Today was Friday. I was going to the Dare Studio today to tell everyone that I was pregnant. I wanted to Tell Allison first. I went to her office and went in. She was sitting down talking to Jenna. Great.

"I-I can't come back" I stammer.

"No, No. Do you need something?" Allison asks.

"Her spot back" Jenna says rolling her eyes.

"No. I don't want that back, but there is something I need everyone here to know" I say. "Especially Jenna".

"What?" They both asks.

"I-Uh, Here" I say and hand the sonogram to Allison.

"Whoa" She says. Jenna looks up at me with a blank face.

"Y-You're...Pregnant?" She asks.

"12 weeks" I say.

"Holy Shit" She says.

"Well, That's what I wanted to tell you guys" I say. "Allie, Can you tell everyone else for me. I don't think I can do it".

"Sure" She says.

"Thank you" I say. "I-I have to go". I practically ran out of the room ad out to the parking lot. I was stopped in my tracks when I heard a family voice calling from behind me.

"Wait! Kinley, Wait!" I turn around ad see Jenna.

"Yeah?".

"I...Are you okay?" She asks.

"You suddenly care?" I ask.

"Shut up, I've always cared" She says.

"You've got a strange way of showing it" I say.

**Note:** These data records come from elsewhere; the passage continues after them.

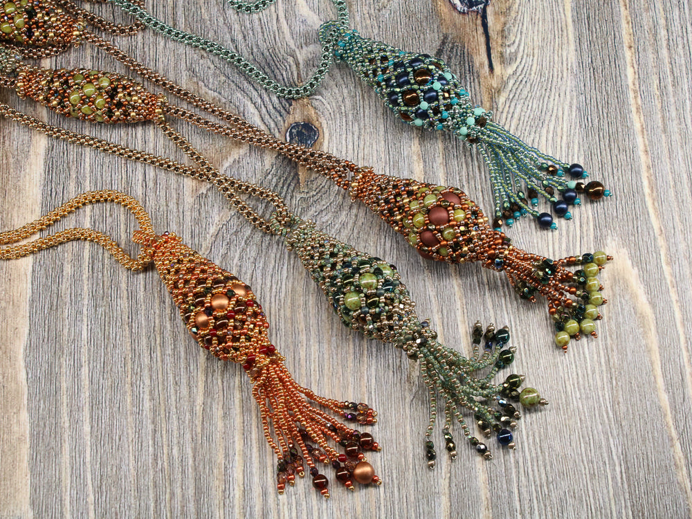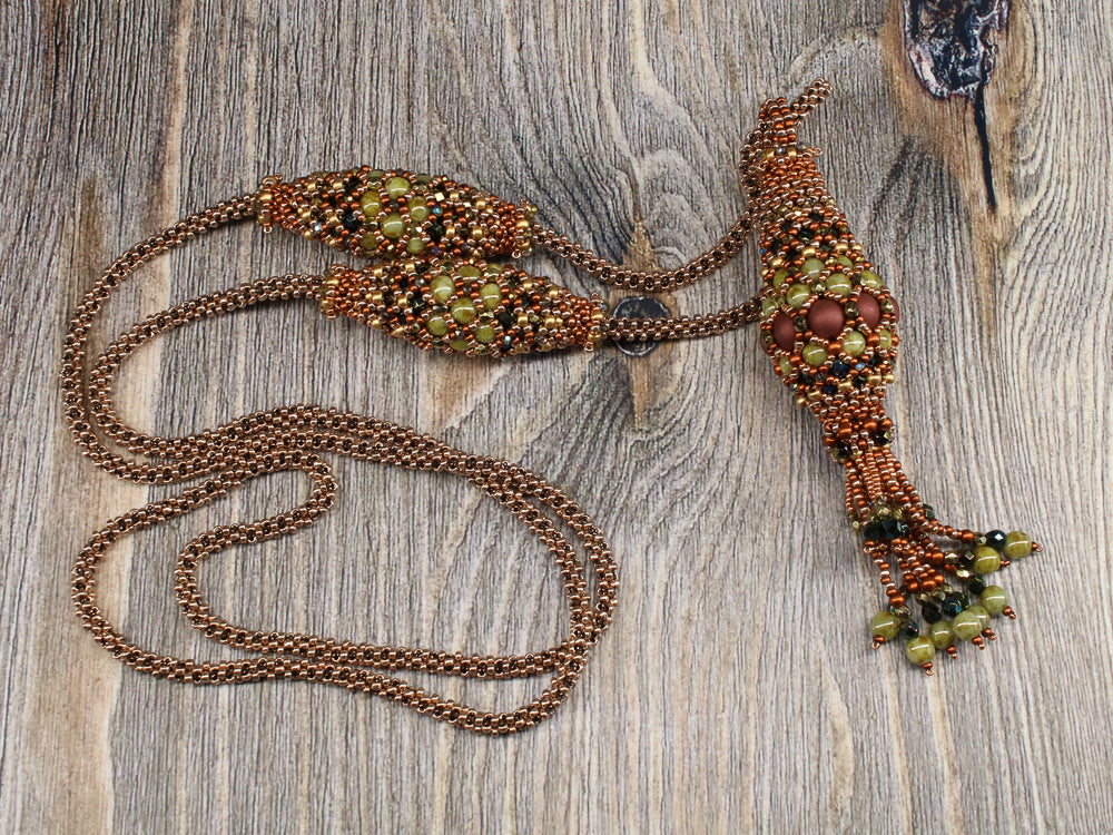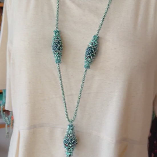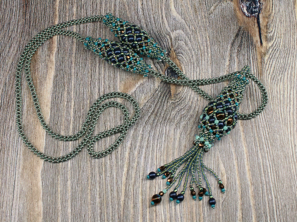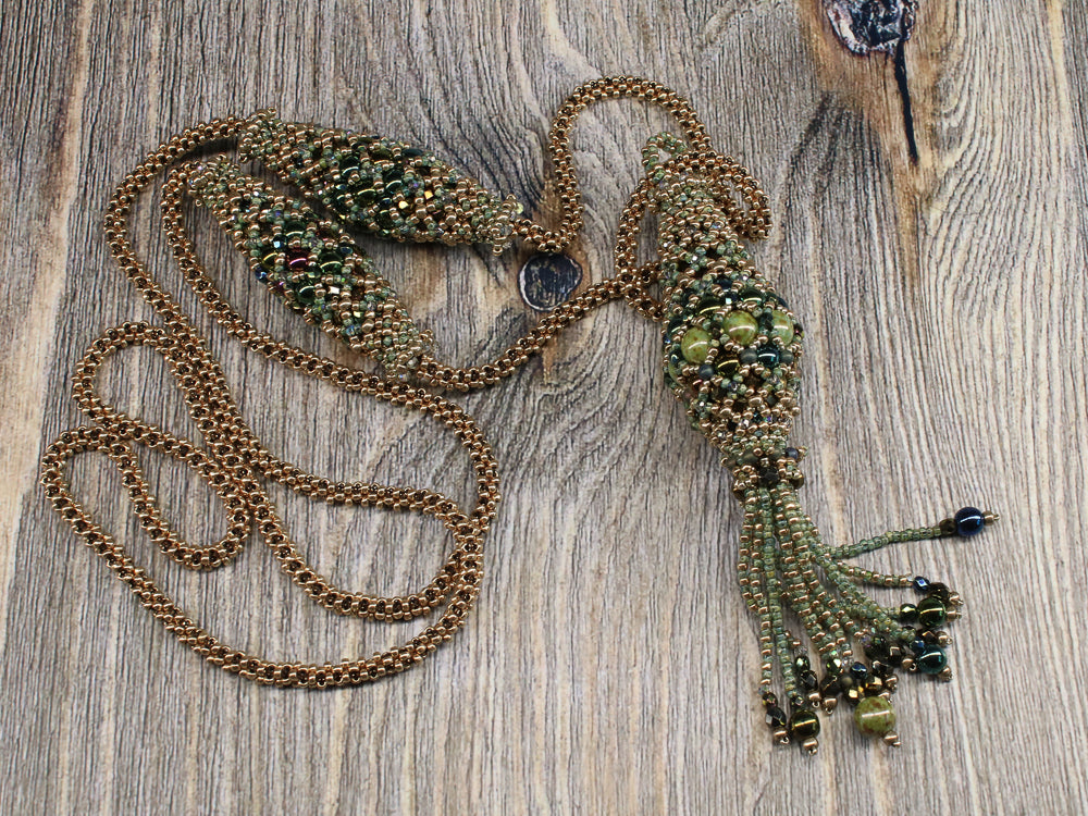 In the Air Tonight is an elegant long necklace with a simple rope in PRAW technique. The pendant and the olives are self supporting structures and do not require any filling.
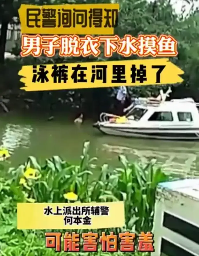1、男子下河泳裤遗失不敢上岸 近日,上海嘉定,一男子赤裸上身在河里游来游去,迟迟不肯上岸。村民报警后,民警驱船靠近,男子尴尬道出实情:自己的泳裤漂走了。民警随后疏散围观村民,为他找来衣物将其“解救”上岸。(@中国警方在线)
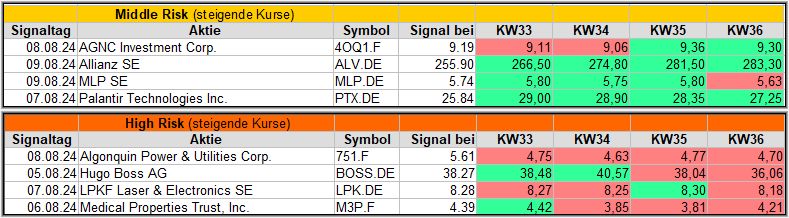 Bei den Middle Risk Signalen erreichten 3 von 4 Signalen einen Gewinn.
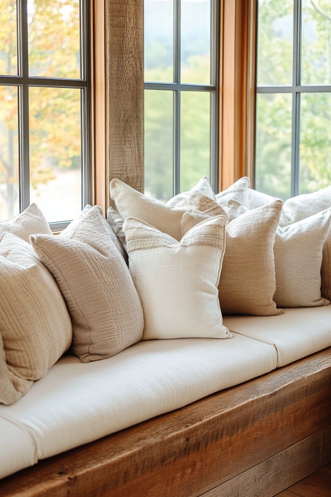 11. Layered Window Seat Cushions in Neutrals for Extra Seating
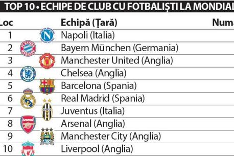 Interesant este că, dintre fotbaliștii napoletanilor prezenți la Cupa Mondială, trei fac parte din naționala Elveției, iar din echipa Italiei – numai unul singur. Formația antrenată de Rafael Benitez este urmată de mari forțe ale fotbalului mondial: Bayern München, Chelsea Londra și Manchester United, cu câte 14 jucători la Cupa Mondială. Campionatul Angliei mai mizează pe Manchester City, Arsenal și Liverpool, cele trei echipe având câte 11 jucători la turneul final.
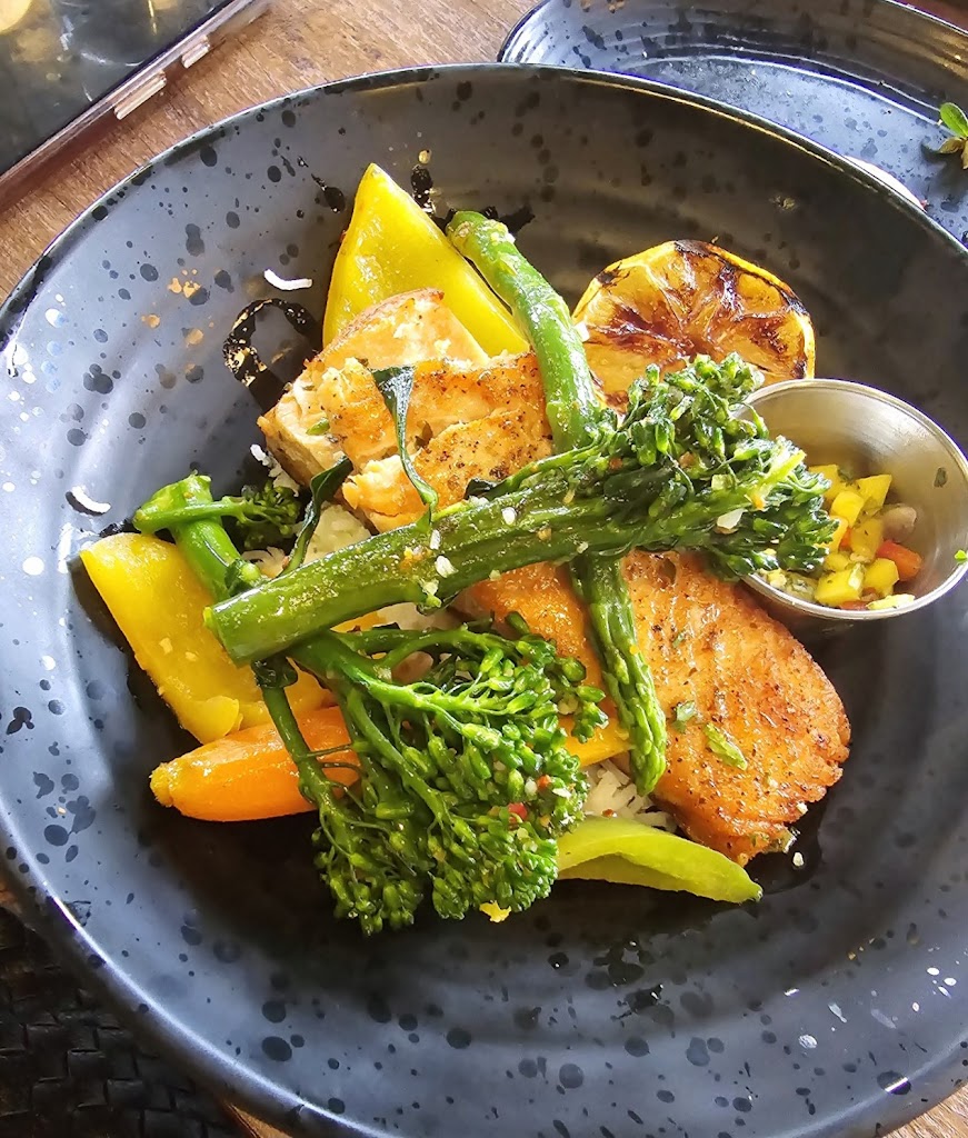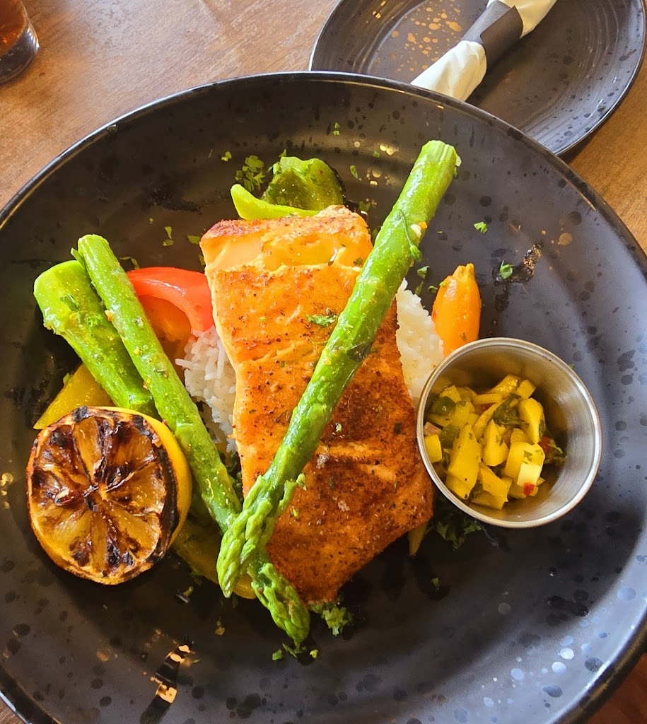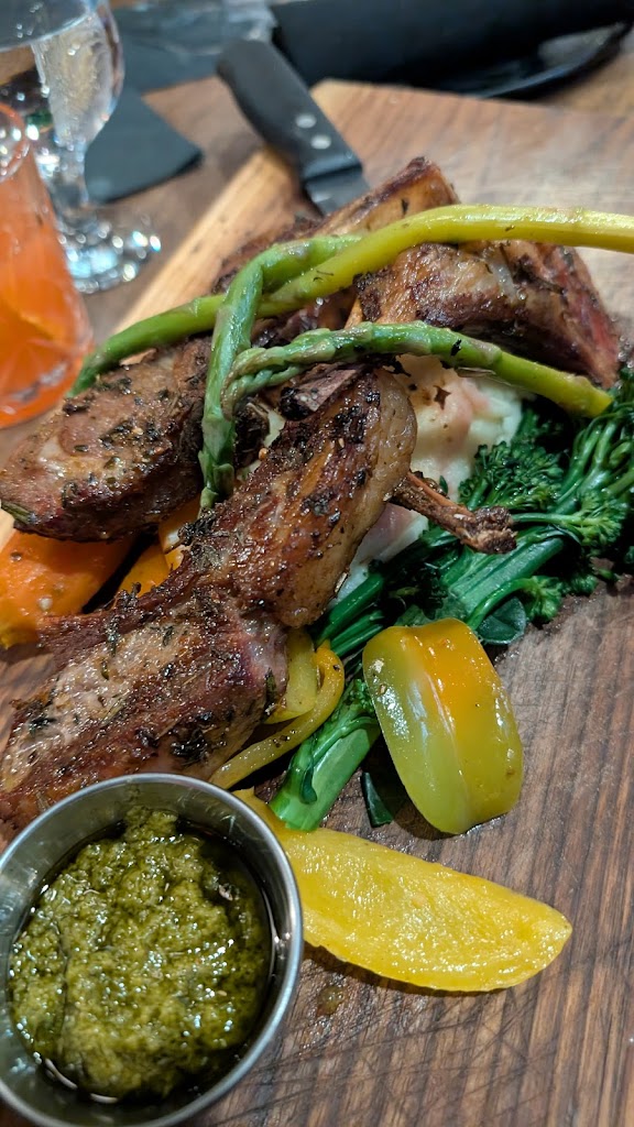 I have to give them 5 out 5 stars on all points! The food presentation was beautiful. I had the calamari to start and the salmon with mash and asparagas for my entree. Both were well seasoned and exceeded my expectations with a good sized portion for me to bring home to enjoy the next day The ambiance is gorgeous and is giving upscale, yet comfortable with cushy seating and dimmed lighting. Lastly, the service was impeccable. Very refreshing as many restaurants are lacking in this area. Our server was attentive, timely, and also able to make menu recommendations. I cant wait to return! I would recommend this for dining with friends or for a date night. Vegetarian options: Lots of great options for salads and pescatarian options also!
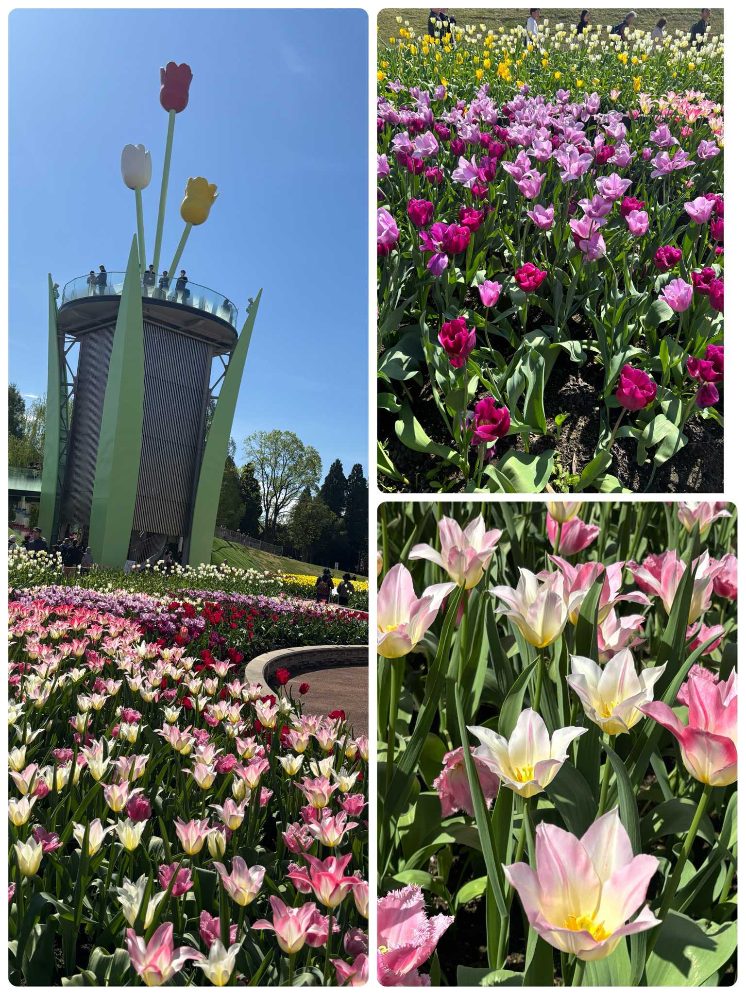 開演し中に入ると、チューリップタワーがお出迎え。でも私たちは、無料🚌て、チューリップ農家さんの畑の見学ツアーに参加しました。
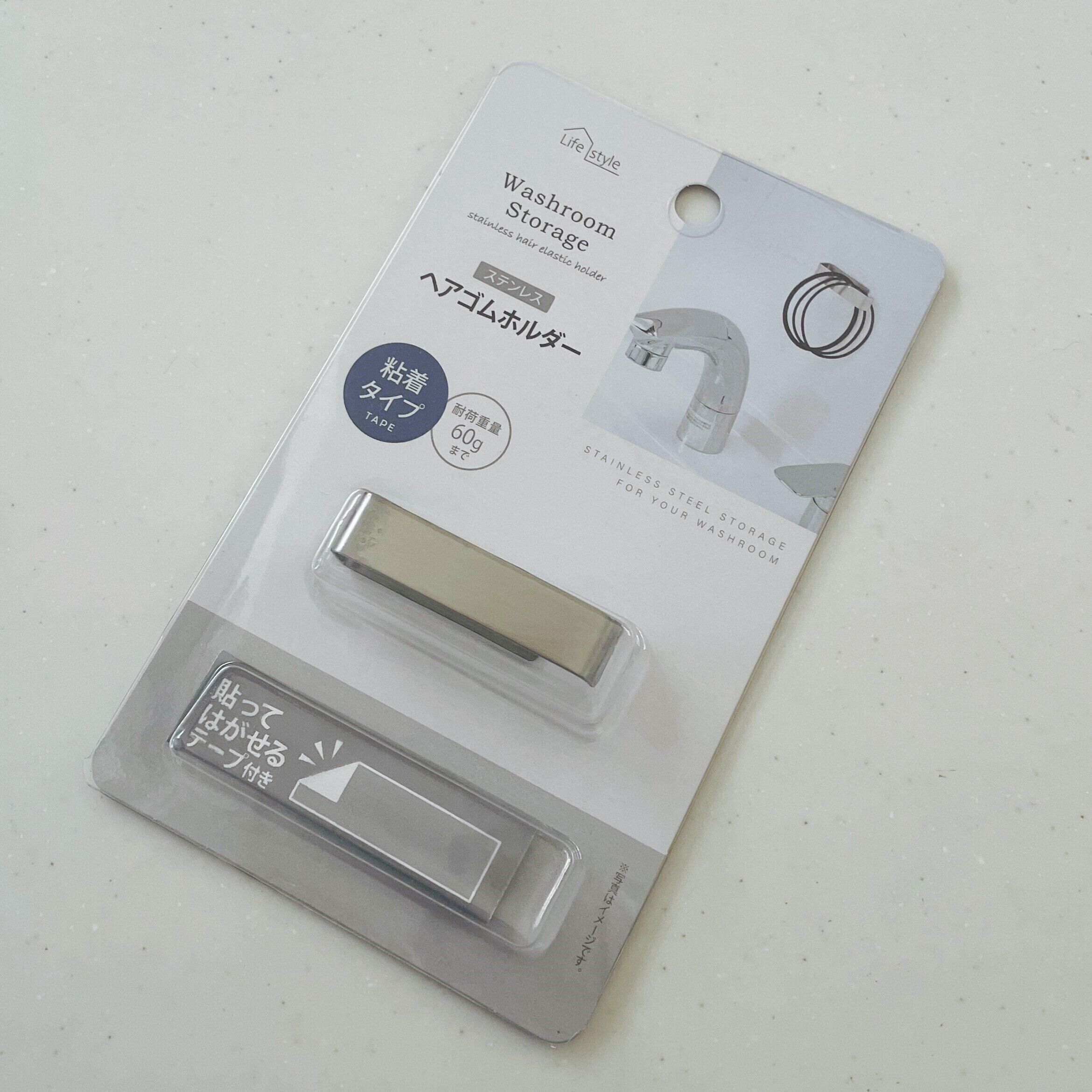 ヘアゴムホルダーも洗面台の棚裏に貼りつけて設置しました。
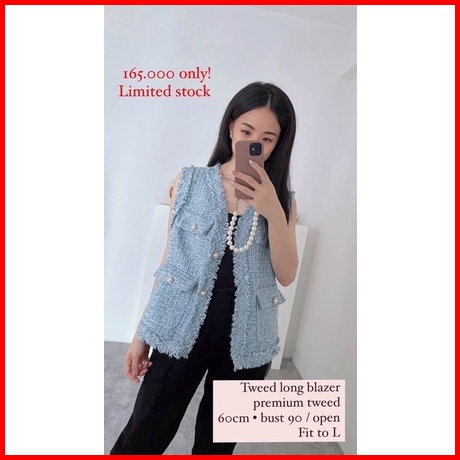 Long Tweed Blazer Vest Hello Bangkok Readystock 5571
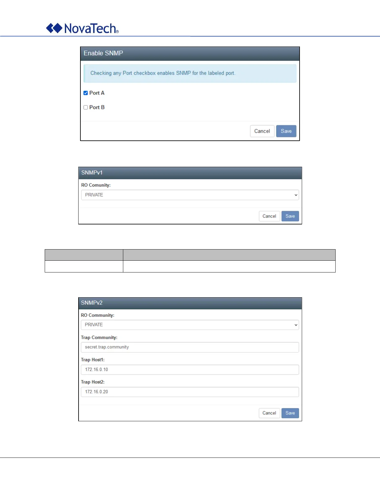 Novatech Kronos 2 Series - Figure 23: Enable SNMP; Figure 24: Snmpv1 Settings; Figure 25: Snmpv2 Settings; Table 12: Snmpv1 Settings

"Okay, Yeah, I was pissed when you didn't tell me about being with Alan, and yes I was insensitive about it all, but I guess I just wished you had told me" She says.

"I didn't tell you because I was scared and I knew you hated him" I say.

"Kinley, You've been my bestfriend for fifteen years, that's not going to change. I don't know why I was going to let a guy come between that, but I let my anger get the best of me" She says. "I-I want you to know that I'm really sorry and I'm really happy for you and Alan".

"Be happy for me, Not him" I say.

"Why? What happened?" She asks. We moved to the bench that was on the side of the building and sat down. I explained everything to her.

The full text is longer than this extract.